> DATA SECTION
- - - -
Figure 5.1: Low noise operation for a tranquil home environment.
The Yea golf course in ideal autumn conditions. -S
- - - -
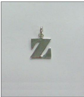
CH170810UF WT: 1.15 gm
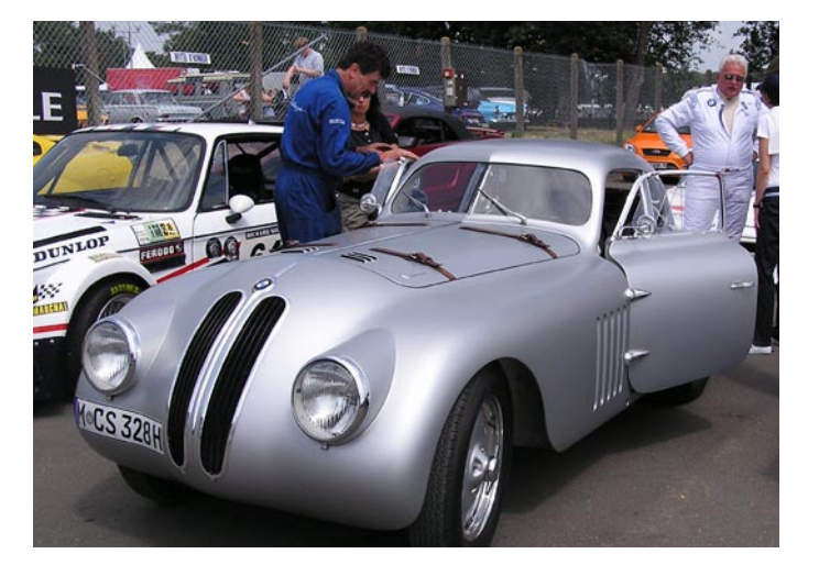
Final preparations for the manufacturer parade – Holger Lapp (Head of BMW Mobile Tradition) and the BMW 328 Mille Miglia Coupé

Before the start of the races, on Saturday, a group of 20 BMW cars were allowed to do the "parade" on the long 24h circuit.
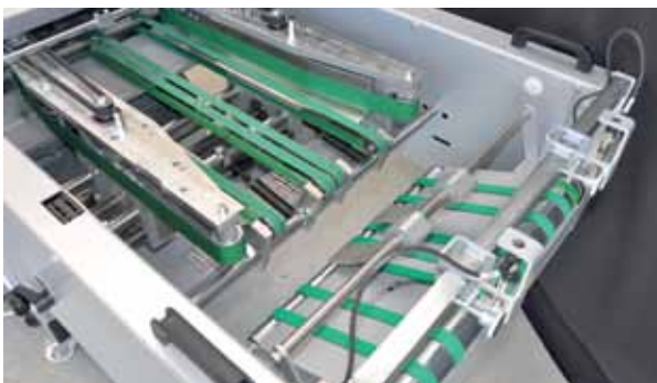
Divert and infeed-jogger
- - - -
> ACTIVITY
How many lines in the data above contain the string "parade"? Reply with only the number.

> ANSWER TO THIS PROBLEM
2